__WORK ITEM__
With the pictures set aside, return the lines below exactly, beginning at the first and ending at the line containing "Bandeiras de formato".
Segment Start: DATASET EXTRACT
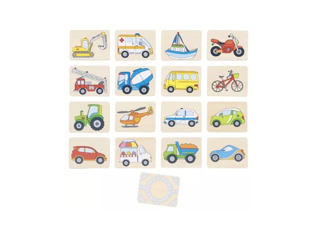 Fa pexeso közlekedési eszközök motívumaival a német Goki márka műhelyéből, 3 éves kortól ajánlott gyermekeknek. A színes képek támogatják a többjátékos és az önálló játékot is.
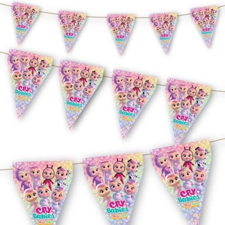 Bandeiras de formato triangular decorativas dos Cry Babies para decorar a tua festa de aniversário com o mesmo tema.
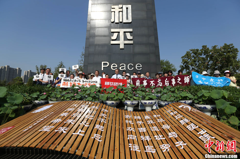 8月15日,来自日本的和平友好人士在和平广场悼念侵华日军南京大屠杀遇难者。中新社发 泱波 摄
Segment End: DATASET EXTRACT
__YOUR RESPONSE__
 Fa pexeso közlekedési eszközök motívumaival a német Goki márka műhelyéből, 3 éves kortól ajánlott gyermekeknek. A színes képek támogatják a többjátékos és az önálló játékot is.
 Bandeiras de formato triangular decorativas dos Cry Babies para decorar a tua festa de aniversário com o mesmo tema.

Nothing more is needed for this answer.